Uno de los puntos de mayor complejidad en la gestión de los nuevos profesionales reside en el hecho de que la mayoría de los gerentes o directivos pertenecen a la Generación Baby Boomer o a la Generación X, cuyos valores, principios y estilo de gestión tienen que ver más con modelos tradicionales de trabajo que con entornos de gestión y valores que demanda la generación Y –y que demandará la generación Z– (generaciones que supondrán el 50% de la mano de obra en 2020 y que buscan entornos laborales abiertos más conectados, colaborativos, móviles, transparentes, planos y empowered). Así, muchas compañías y sus procedimientos no están en sintonía con lo que los nuevos profesionales demandan, necesitan y sienten. Los nuevos trabajadores se han criado en la sociedad de la abundancia, han vivido en la época del exceso, de la democracia social y familiar, del "más de todo y bueno", del consumo generoso, de la elección amplia, de las numerosas oportunidades… Y, en estos momentos, los profesionales que llegan a las organizaciones son parte de esta nueva generación, "bien alimentada y digitalizada", que no tiene la angustia por prosperar que tenían sus predecesores, porque ya poseen muchas de las cosas que la empresa puede ofrecerles. Casi todos ellos, más que la propiedad de un coche o unas vacaciones, lo que están buscando es el acceso, la interacción, la colaboración, la diversión y, sobre todo, la experiencia laboral.

 

CAMBIOS EN LA CONCEPCIÓN DEL TRABAJO En nuestros días, los pilares del ahorro y el trabajo se están derrumbando. Lo que la gente quiere es comprar y divertirse. El placer y el ocio son los pilares de la nueva realidad, en la que se espera una gratificación inmediata. Las personas trabajan para enriquecerse, para divertirse, para conocer gente nueva, para viajar y visitar lugares nuevos, para realizarse, para tener experiencias vitales únicas.Ya no se trabaja porque se deba ni porque uno se sienta moralmente obligado a hacerlo.

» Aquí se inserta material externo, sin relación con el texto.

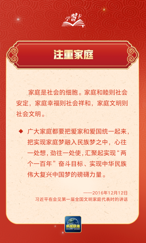 习近平:以千千万万家庭的好家风支撑起全社会的好风气
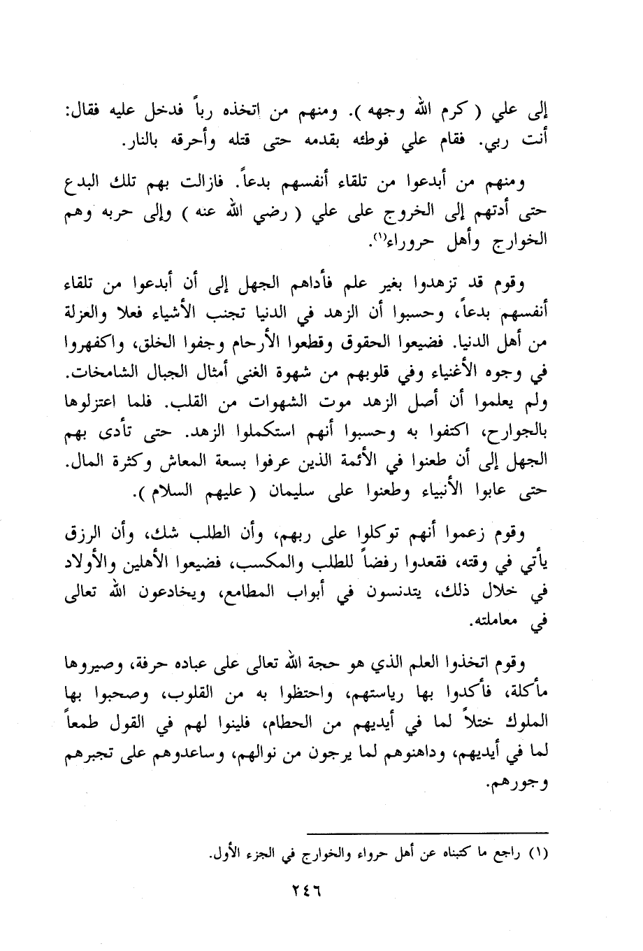 وَمِنْهُم من أبدعوا من تِلْقَاء أنفسهم بدعا فازالت بهم تِلْكَ الْبدع حَتَّى أدتهم إِلَى الْخُرُوج على عَليّ رَضِي الله عَنهُ وَإِلَى حربه وهم الْخَوَارِج وَأهل حروراء

El trabajo ya no se considera algo bueno en sí mismo, y la motivación no se da por sentada. Se ha pasado del "debo" al "quiero", de la obligación a la elección. Las empresas son más bien objetos fungibles y desechables, no espacios controladores de voluntades en los que pasar toda la vida. Podríamos casi decir que, hoy, son los trabajadores quienes contratan a las empresas, y no al contrario: el mercado, más que de los propietarios de las empresas, comienza a ser de los "vended...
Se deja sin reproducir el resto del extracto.